TASK BRIEF: For the records below, output word for word the lines from the one with "Проточный пластинчатый пастеризатор-охладитель" up to and including the one with "相同点:都有烟酰胺、十一碳烯". No pictures.

INPUT RECORDS:
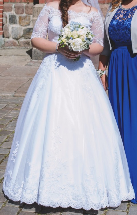 Sprzedam przepiękną suknię ślubną z tegorocznej kolekcji 2017 - Lavare z firmy Amy Love. Zamawiana w rozmiarze 7, dopasowywana na wzrost 164 cm + 6 cm obcas. Gorset usztywniany, posiada wszyte fiszbiny. Będzie pasowała na Panią noszącą rozmiar 38-40. Suknia posiada możliwość regulacji szerokości talii - trójstopniowy pas. Kosztowała w salonie 3420 zł, bolerko 390 zł, welon 210 zł, plus koło 150 zł razem 4170 zł. Sprzedaję wszystko za 1800 zł. Cena do negocjacji. Suknia posiada przepiękny tren, który można upiąć, a także dopinane warstwy tiulu pod spodem, które można usunąć, by uzyskać efekt lekkiej mgiełki. Przepięknie wygląda w tańcu, cudownie się kręci oraz mieni ze względu na kryształki, którymi jest wyszyta. Jest zapinana z tyłu na zamek i guziczki. Dołączam gratis bolerko (3/4 rękawka, hiszpański styl, odkryte ramiona, który dodaje uroku całości), halkę na kole oraz welon do łokci, obszywany ręcznie kryształkami. Wszystko po czyszczeniu w pralni chemicznej, odświeżone. Zapraszam do przymiarki w Szczecinie i zachęcam do kupna. :)
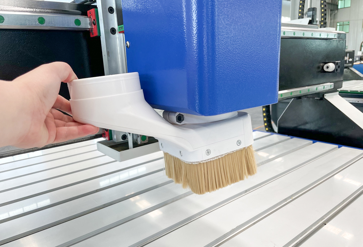– Sistema de vacío integrado para la fijación de materiales livianos. En este último caso, es necesario incluir una Bomba de Vacío (opcional) para su funcionamiento.
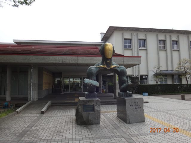 県の埋蔵文化財センターなので、ここの施設も立派である。開設は昭和52年で、県立の埋蔵文化財センターとしては全国初の施設との事。入り口前には「SPACE GATE」と題したオブジェが異彩を放つ。
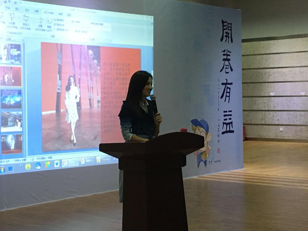 10月11日晚,由我校图书(档案)馆主办,文化传播学院与数码学院联合协办的行知大讲堂,在图书馆博雅展览厅举行。四川省首届十佳主持人、四川电视台十佳主持人、现任四川电视台新闻访谈类节目《第四直播间》主持人杨畅担任主讲嘉宾,她以“会说话是一种怎样的人生体验”为题,为400余名师生带来了一场精彩的讲座。
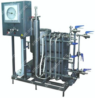 Проточный пластинчатый пастеризатор-охладитель молока и жидких продуктов предназначен для быстрого нагрева, кратковременной выдержки и последующего охлаждения молока, сливок, соков, питьевой воды и аналогичных по вязкости жидких продуктов.В состав комплекта входят: котел водонагревательный с манометром для измерения давления теплоносителя, манометр для измерения давления продукта на выходе, блок теплообменных пластин для регенерации и охлаждения молока, уравнительный бак с клапанно-поплавковым механизмом, электромеханический обратный клапан для переключения потоков продукта в процессе пастеризации, центробежный молочный насос, выдерживатель пастеризуемого молока, единый …
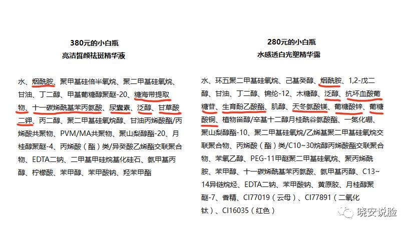 相同点:都有烟酰胺、十一碳烯酰基苯丙氨酸(也是一种美白剂,经常和烟酰胺联用,据说联用的效果更好)和泛醇;都放了收敛剂。
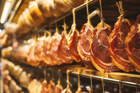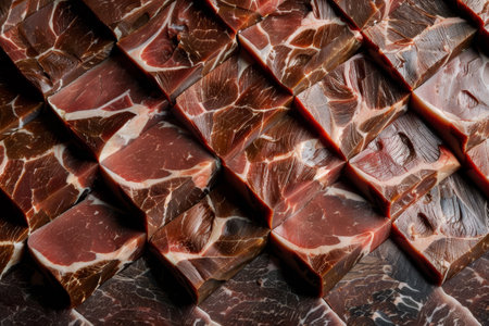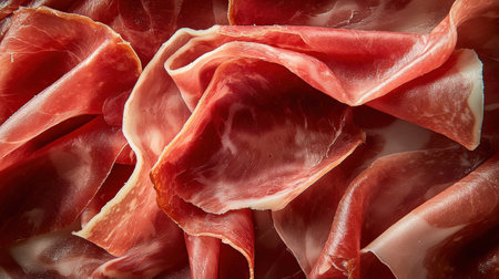 Delicately arranged thin slices of cured meat showcase rich colors and textures, tempting the viewer with their savory appeal. Perfect for a charcuterie board.
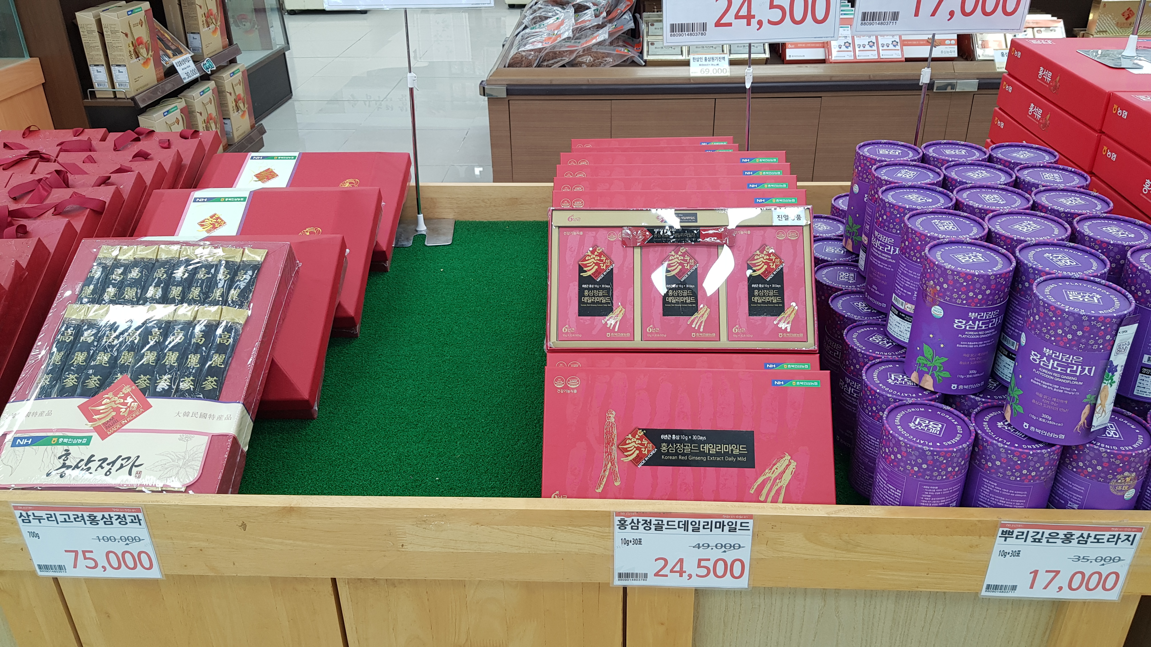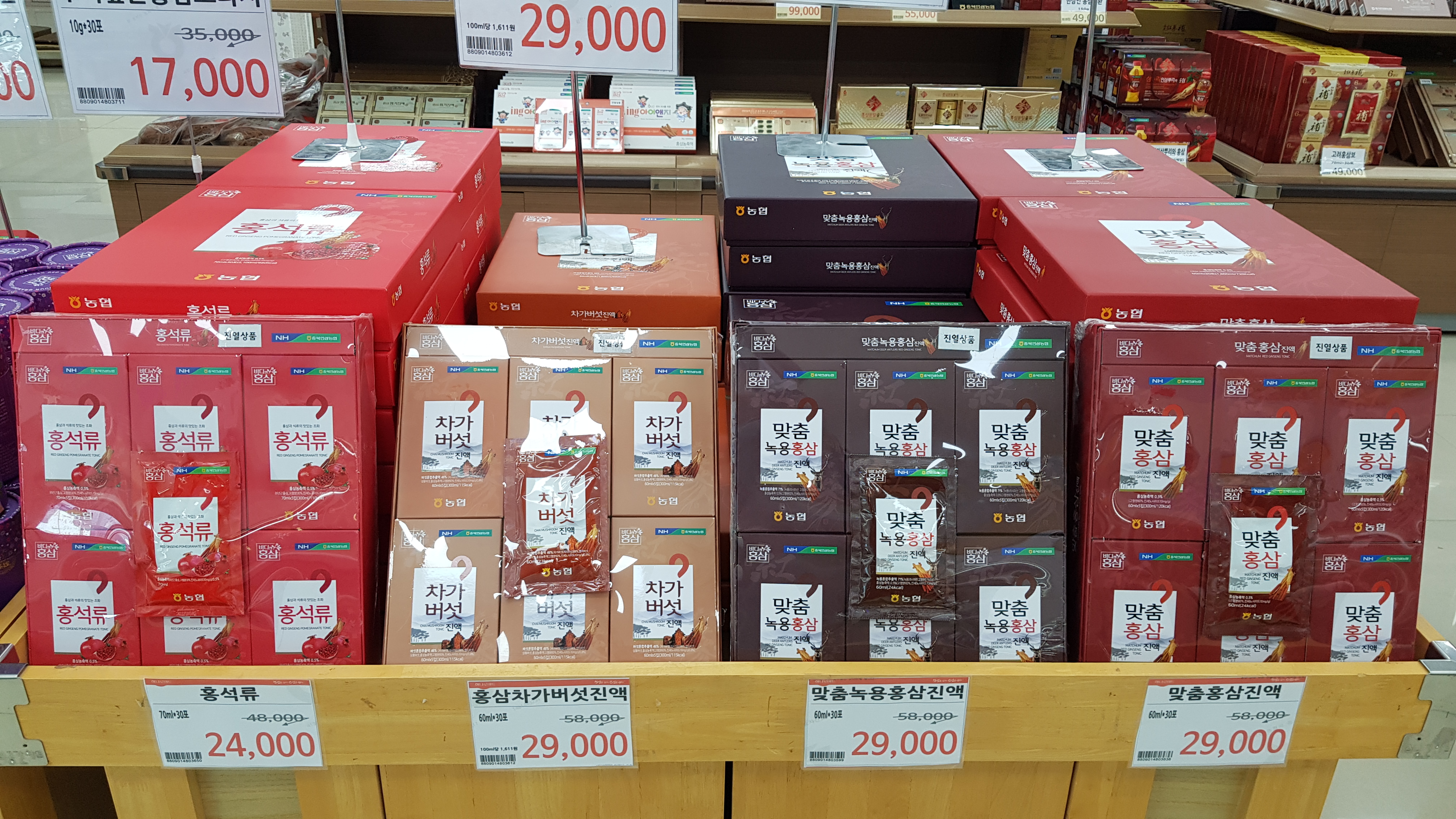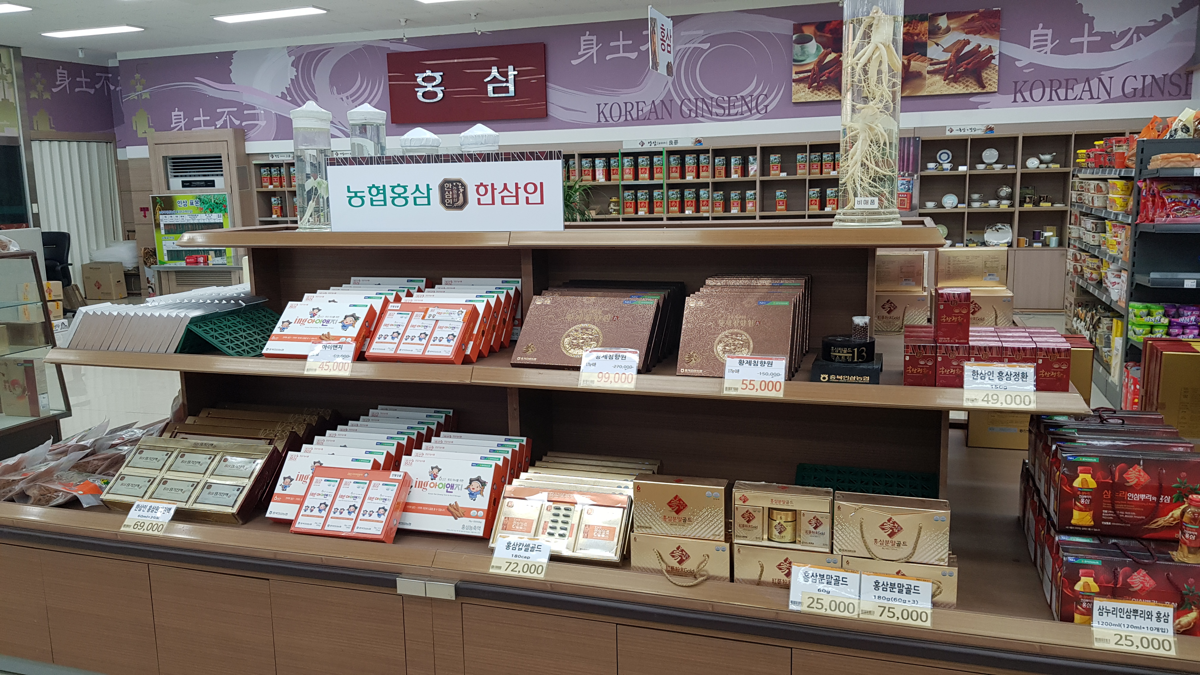 매장 내부 중앙는 가공한 제품이 진열되어있다. 인삼으로 만들 수 있는 제품 종류가 정말 많다.

TASK RESULT:
 Проточный пластинчатый пастеризатор-охладитель молока и жидких продуктов предназначен для быстрого нагрева, кратковременной выдержки и последующего охлаждения молока, сливок, соков, питьевой воды и аналогичных по вязкости жидких продуктов.В состав комплекта входят: котел водонагревательный с манометром для измерения давления теплоносителя, манометр для измерения давления продукта на выходе, блок теплообменных пластин для регенерации и охлаждения молока, уравнительный бак с клапанно-поплавковым механизмом, электромеханический обратный клапан для переключения потоков продукта в процессе пастеризации, центробежный молочный насос, выдерживатель пастеризуемого молока, единый …
 相同点:都有烟酰胺、十一碳烯酰基苯丙氨酸(也是一种美白剂,经常和烟酰胺联用,据说联用的效果更好)和泛醇;都放了收敛剂。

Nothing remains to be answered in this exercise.